Solving Incline Forces: Acceleration, Tension, and Speed Calculations

[Valerie]

I need your help on these guys!

1) Two objects are connected by a light string that passes over a frictionless pulley. If the incline is frictionless and m1=2.00 kg, m2=6.00kg and theta=55.0 degrees, a)find the acceleration of the objects. b)the tension in the string and c) the speed of each object at 2.00 s after being released from rest. (note: both of the objects are over a pulley, on an incline.

2)Two blocks of mass 3.50kg and 8.00kg are connected by a massless string passing over a frictionless pulley. The inclines are frictionless. Find a) the magnitude of acceleration of each block and b)the tension in the string. (theta for each side=35 degrees)

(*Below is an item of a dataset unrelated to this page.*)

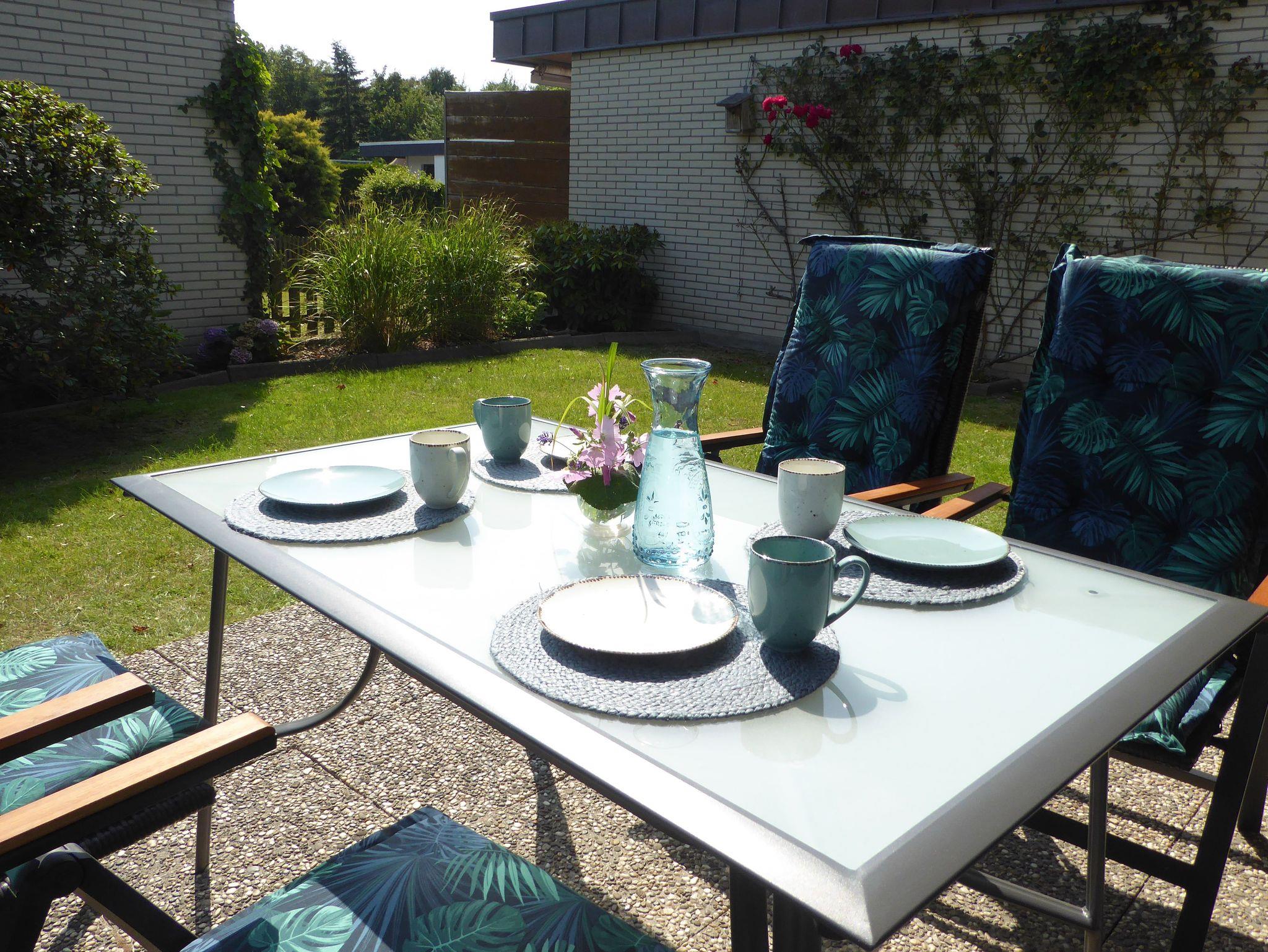 Zum Garten hin gelegen ist eine ca. 20 qm² große Terrasse vom Wohnzimmer aus begehbar. Dort stehen neben Sitz- und Liegemöbeln auch ein Grill im windgeschützten Außenbereich. Außerdem gibt es eine ausfahrbare Markise. Das gesamte Ferienhaus ist neu, modern eingerichtet und wenn doch einmal etwas fehlen sollte, wird Abhilfe geleistet.

I would appreciate if someone could explain them to me please. Thank you!

 

[HallsofIvy]

" both of the objects are over a pulley, on an incline." Does that mean both objects are sitting on the same incline or is one on the incline and the other hanging? Where is the pulley in relation to the incline- and where is angle theta?

 

[M98Ranger]

1) To solve for the acceleration in this scenario, we can use Newton's second law: F=ma. We will need to consider the forces acting on each object separately. For m1, there is only one force acting on it, which is the tension in the string pulling it down the incline. This force can be calculated using the formula F=mg*sin(theta), where g is the acceleration due to gravity (9.8 m/s^2) and theta is the angle of the incline. So for m1, the force is F=2.00*9.8*sin(55)=16.85 N. We can then plug this into the formula F=ma to solve for the acceleration of m1: a=F/m=16.85/2.00=8.43 m/s^2.

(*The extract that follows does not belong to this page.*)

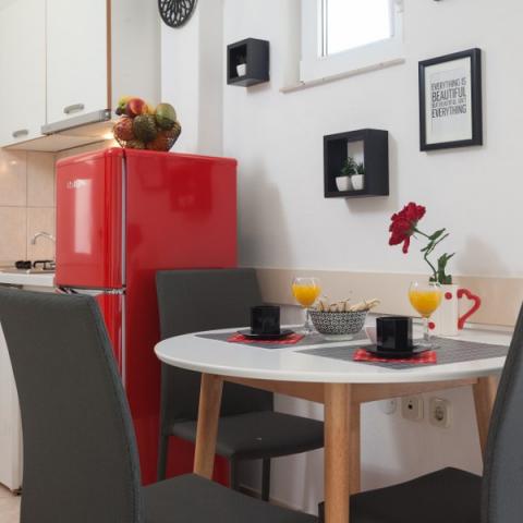 Just 150 meters from the beach, Villa Nela is next to the Alga Hotel. The proximity of the beach, sports grounds, promenade, restaurants, cafes and all other facilities necessary for a complete holiday, guarantees a pleasant and unforgettable summer. The Covic family is not only the owners of the villa, but also the villa staff who take care of everything that will make your vacation in Tučepi as enjoyable as possible. This kind of hospitality gives the guests of Villa Nela a family atmosphere, a personal and very cordial service that you cannot get in larger hotels. With tradition and courtesy, Villa Nela offers you everything a top-notch tourist facility of this type can offer. Apartments have their own bathrooms, air conditioning, satellite tv, wireless internet connection, safes, large spacious balconies and secured parking space in front of the villa. The climate is disinfected and the apartments are spotlessly clean.

For m2, there are two forces acting on it: the tension in the string pulling it up the incline, and its weight pulling it down. We can use the same formula as above to calculate the tension in the string, which is F=6.00*9.8*sin(55)=50.55 N. The weight of m2 is F=6.00*9.8*cos(55)=30.17 N. To find the net force on m2, we can subtract the weight from the tension: 50.55-30.17=20.38 N. Plugging this into F=ma, we get a=20.38/6.00=3.40 m/s^2.

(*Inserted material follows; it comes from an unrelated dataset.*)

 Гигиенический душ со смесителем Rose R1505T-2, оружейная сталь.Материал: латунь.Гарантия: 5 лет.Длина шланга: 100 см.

To find the speed of each object at 2.00 s, we can use the formula v=u+at, where u is the initial velocity (which is 0 since they start at rest), a is the acceleration we just calculated, and t is the time (2.00 s). For m1: v=0+8.43*2.00=16.86 m/s. For m2: v=0+3.40*2.00=6.80 m/s.

2) In this scenario, we can use the same approach as above to solve for the acceleration and tension. For the 3.50 kg block, the only force acting on it is the tension in the string pulling it down the incline. This can be calculated using the formula F=mg*sin(theta), where g is the acceleration due to gravity (9.